MATERIALS PROVIDED Start Marker
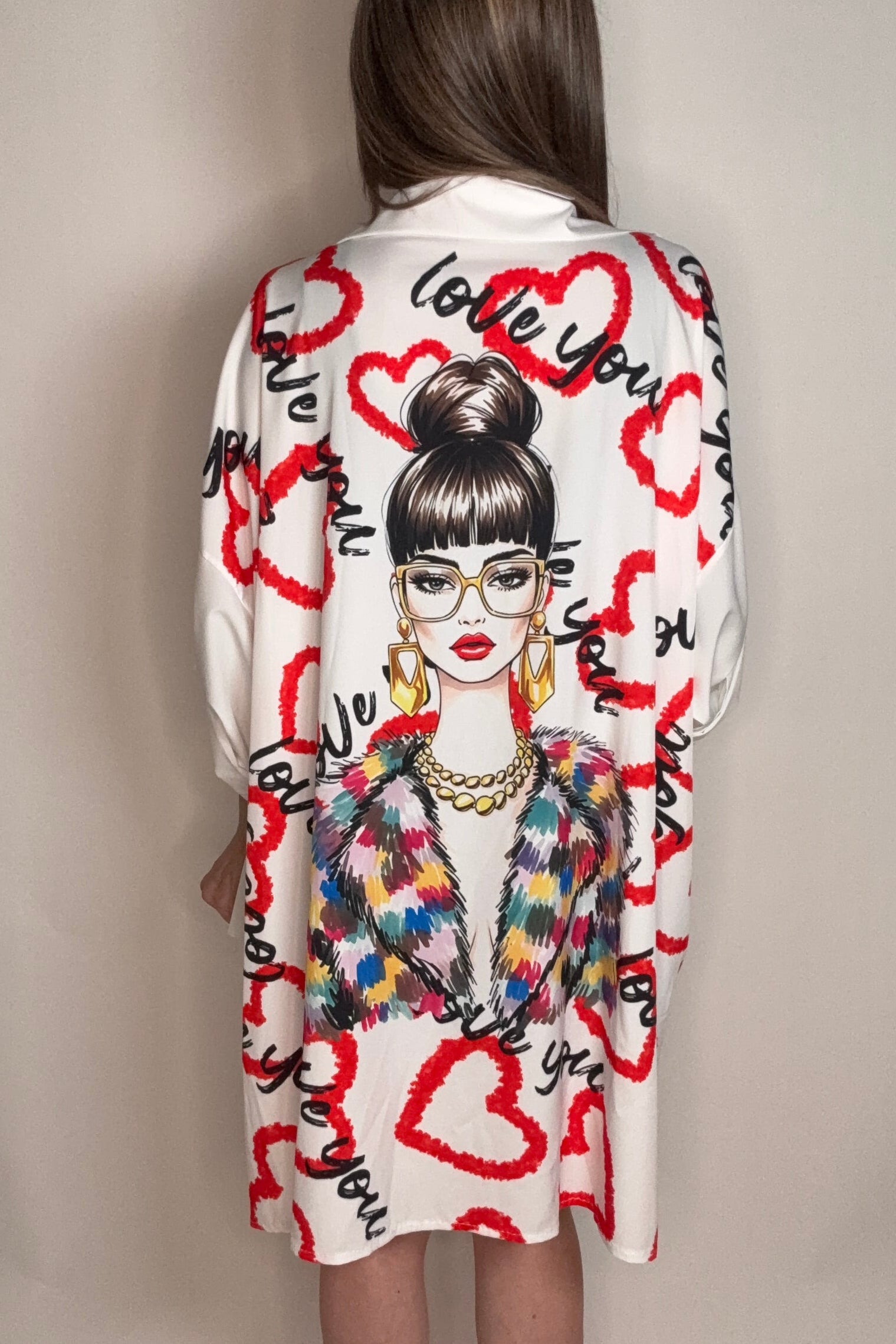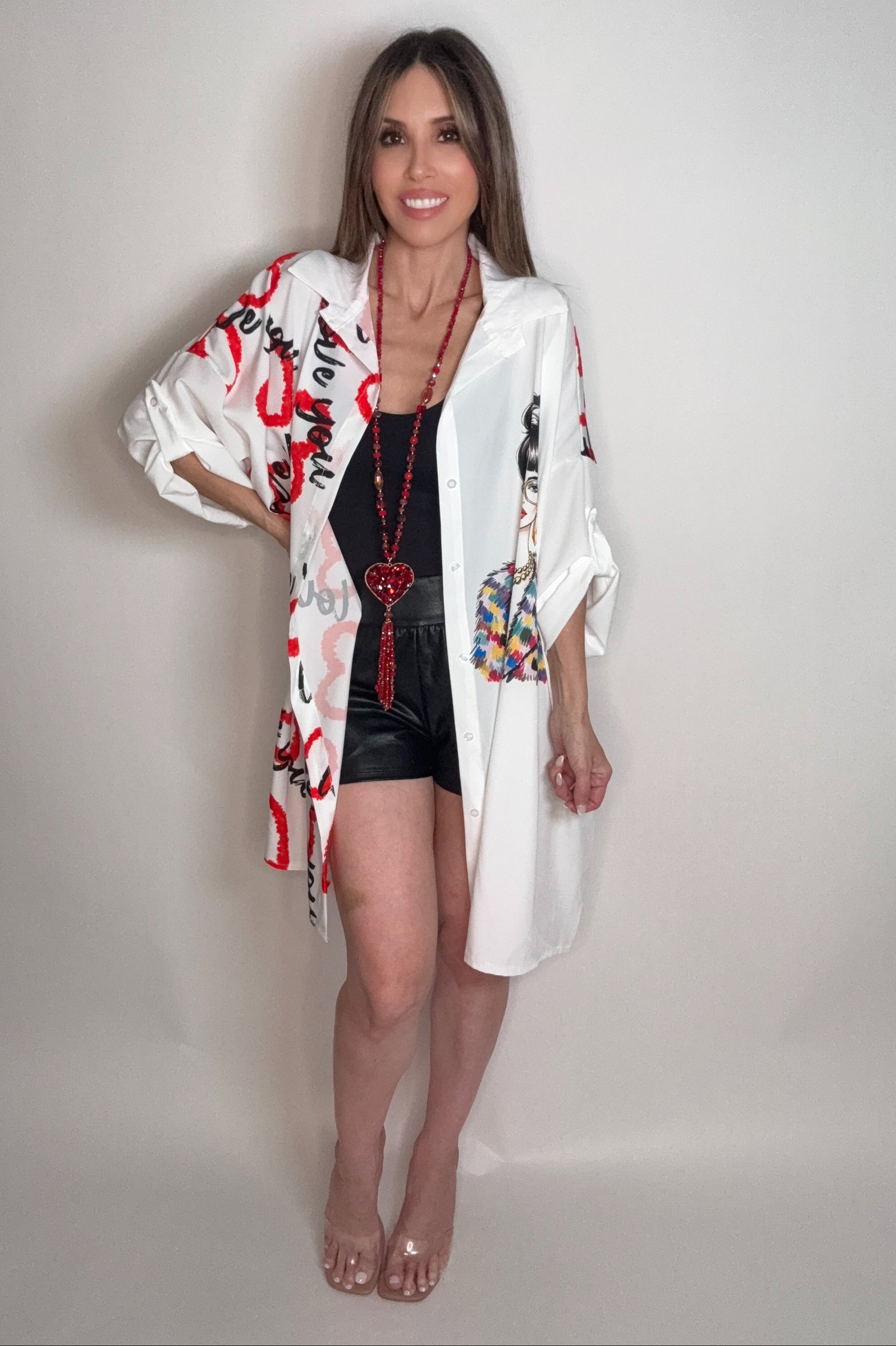 Make a statement with this oversized shirt dress featuring a bold "Love You" graphic that's impossible to miss. Perfect for those who wear their heart on their sleeve—literally. The relaxed, roomy fit gives you that effortlessly cool vibe, whether you're dressing it up with heels or keeping it casual with sneakers. Soft, comfortable fabric makes it ideal for all-day wear, from brunch dates to laid-back hangouts. Express yourself with attitude and comfort combined.
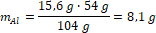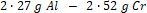 Na bazie równania reakcji można zauważyć, że z 2 moli glinu powstają 2 mole chromu. Obliczmy więc masę glinu potrzebną do otrzymania zadanych 15,6 g chromu:
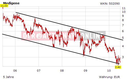 DER AKTIONÄR bleibt auch nach der erfolgreichen Krebsstudie bei seiner negativen Einschätzung für die Medigene-Aktie. Das Papier befindet sich trotz heutiger Zugewinne in einem langfristigen Abwärtstrend und notiert nahe an seinem Fünf-Jahres-Tief. Derweil warten Marktteilnehmer weiter vergebens auf eine so dringend benötigte Kooperation. Schon bald könnte dem Biotechunternehmen das Geld ausgehen. Erst wenn eine Partnerschaft bekannt gegeben wird, wird DER AKTIONÄR die Situation neu beurteilen. Bis dahin heißt es für den Anleger: Finger weg von der Aktie.
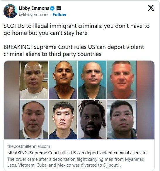 In a 6-3 decision, the Supreme Court ruled the Trump administration can deport illegal migrants convicted of crimes to third party countries.
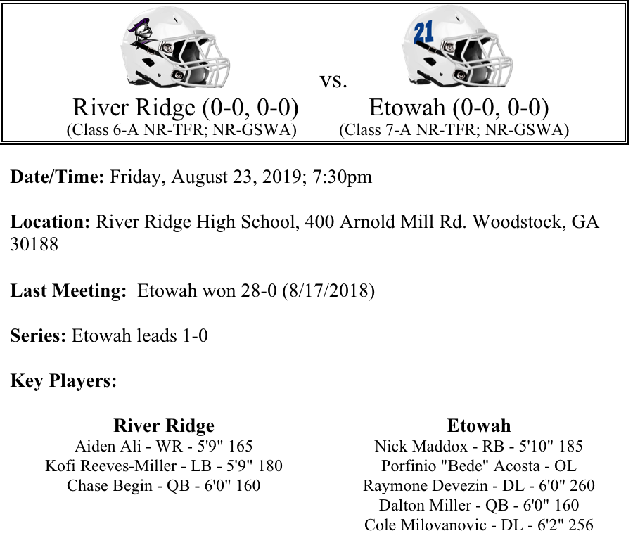 The River Ridge Knights will start the Mike Collins era on Friday night as they host the Etowah Eagles. The Knights had a good showing in their scrimmage last week and are looking for their first win over a County rival in program history. We expect for Kofi Reeves-Miller and Ahmere Morrison to share the load at running back to help ease Chase Begin return at quarterback. Begin is a threat to pass and has shown an ability to scramble, so we know he will keep the Etowah defense on their toes. Aiden Ali should be one of his primary targets through the air.
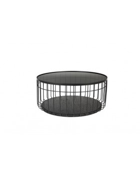 Tapa y base de hierro pintado en polvo negro con tapa superior de cristal templado de color negro.
MATERIALS PROVIDED End Marker
- _TASK GOAL_
Since the copy must contain no pictures, return only the text of the records, exactly as it stands.

- _ANSWER SPACE_
 Make a statement with this oversized shirt dress featuring a bold "Love You" graphic that's impossible to miss. Perfect for those who wear their heart on their sleeve—literally. The relaxed, roomy fit gives you that effortlessly cool vibe, whether you're dressing it up with heels or keeping it casual with sneakers. Soft, comfortable fabric makes it ideal for all-day wear, from brunch dates to laid-back hangouts. Express yourself with attitude and comfort combined.
 Na bazie równania reakcji można zauważyć, że z 2 moli glinu powstają 2 mole chromu. Obliczmy więc masę glinu potrzebną do otrzymania zadanych 15,6 g chromu:
 DER AKTIONÄR bleibt auch nach der erfolgreichen Krebsstudie bei seiner negativen Einschätzung für die Medigene-Aktie. Das Papier befindet sich trotz heutiger Zugewinne in einem langfristigen Abwärtstrend und notiert nahe an seinem Fünf-Jahres-Tief. Derweil warten Marktteilnehmer weiter vergebens auf eine so dringend benötigte Kooperation. Schon bald könnte dem Biotechunternehmen das Geld ausgehen. Erst wenn eine Partnerschaft bekannt gegeben wird, wird DER AKTIONÄR die Situation neu beurteilen. Bis dahin heißt es für den Anleger: Finger weg von der Aktie.
 In a 6-3 decision, the Supreme Court ruled the Trump administration can deport illegal migrants convicted of crimes to third party countries.
 The River Ridge Knights will start the Mike Collins era on Friday night as they host the Etowah Eagles. The Knights had a good showing in their scrimmage last week and are looking for their first win over a County rival in program history. We expect for Kofi Reeves-Miller and Ahmere Morrison to share the load at running back to help ease Chase Begin return at quarterback. Begin is a threat to pass and has shown an ability to scramble, so we know he will keep the Etowah defense on their toes. Aiden Ali should be one of his primary targets through the air.
 Tapa y base de hierro pintado en polvo negro con tapa superior de cristal templado de color negro.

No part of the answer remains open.